The complete genome sequences of these two organisms were used as a basis to construct flux-balance models of the central metabolisms of each growing independently and in syntrophic association. The models consist of a series of linear equations, each expressing a relationship between metabolites and the rate of flux through the reaction (Edwards et al, 2002). Because of the number of unknowns in the model, fluxes were calculated using linear optimization of a specific reaction, usually biomass production (Price et al, 2004).
The single-organism flux-balance models were first refined by comparing the predicted biomass yields to experimental observations. These analyses provided insight into the physiology of growth of each species. Specifically, analysis of the D. vulgaris submodel suggested that two protons must be translocated to produce one ATP during respiration of sulfate. The M. maripaludis model provided insight into the likely number of protons that must be translocated during methane production and generated predictions about the influence of acetate consumption on biomass yield.

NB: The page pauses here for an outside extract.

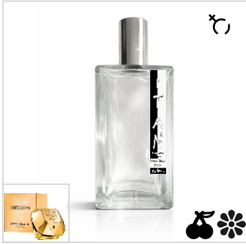
Inspirado en Paco Rabanne Lady Million

The two models were then combined to form one model describing growth and metabolite accumulation when the organisms were growing syntrophically. A flux diagram showing the metabolic networks contained in the combined two-species model, and an example of a simulation result is shown in Figure 2. Experimental data for lactate and hydrogen uptake rates during growth of the syntrophic culture were used as inputs to the model to test whether it could accurately capture the main features of syntrophic growth. The model was able to predict fluxes of acetate, methane, and carbon dioxide. In addition, the model consistently predicted roughly two-fold more D. vulgaris biomass than M. maripaludis biomass even when it was set to optimize M. maripaludis biomass. This result demonstrates the stoichiometric coupling of growth of this association and is consistent with our experimental data which showed a ratio of D. vulgaris to M. maripaludis cells of approximately 2–2.5 throughout growth in batch culture.

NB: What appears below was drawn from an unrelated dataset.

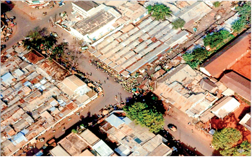
Một góc thị xã Buôn Ma Thuột năm 1965.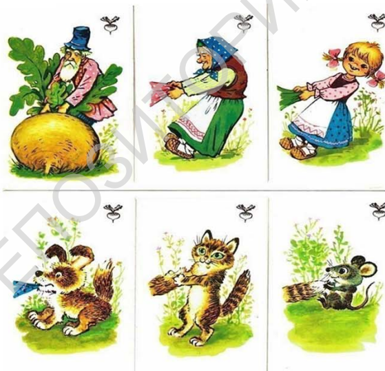
Рисунок 2.3. - Методика «Перескажи сказку»

The model and experimental studies were also used to address a long-standing and central question concerning the mediator of electron transfer between the sulfate reducer and the methanogen. In addition to hydrogen, formate is thought to be a significant mediator under some growth conditions or in alternative species pairings. Additional simulations using the syntrophic model demonstrated that although either formate or hydrogen could serve as electron carriers, a minimum exchange of hydrogen was essential for syntrophic growth. Formate cannot serve as the exclusive mediator. A dominant role of hydrogen was confirmed by establishment of a syntrophic association between D. vulgaris and M. maripaludis strain MM 709 (Wood et al, 2003), which was mutated such that it could not obtain energy from formate.

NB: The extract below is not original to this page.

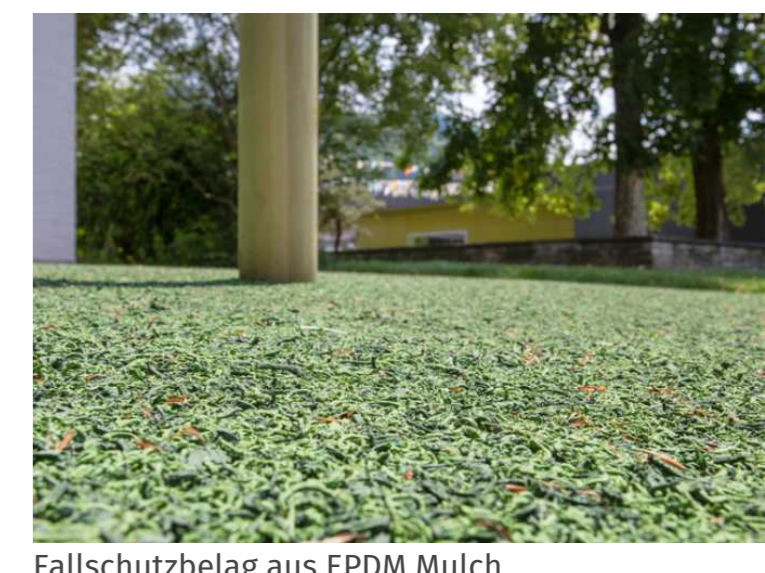
Fallschutzbelag aus EPDM Mulch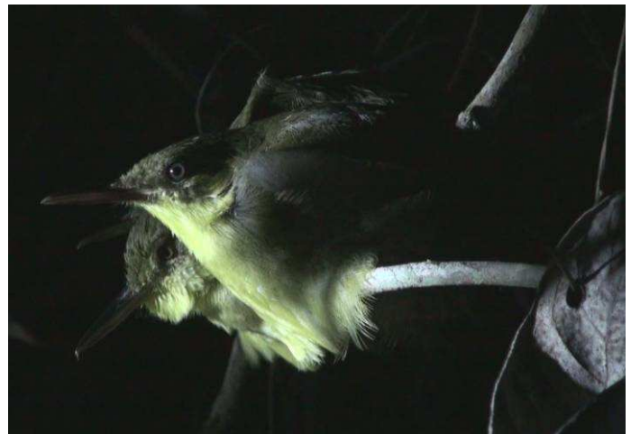
3 Tétrakas à long bec au dortoir, la nuit tombée

To our knowledge, this is the first flux-balance model of an association involving two species. We have shown that even a relatively simple multispecies flux-balance model is able to predict key features of community dynamics and provide a means to test the physiological parameters responsible for the observed growth characteristics. Flux-balance modeling of even more complex microbial communities may therefore facilitate investigations of the links between gene content and community characteristics, helping us to understand and predict microbial processes in natural and engineered systems.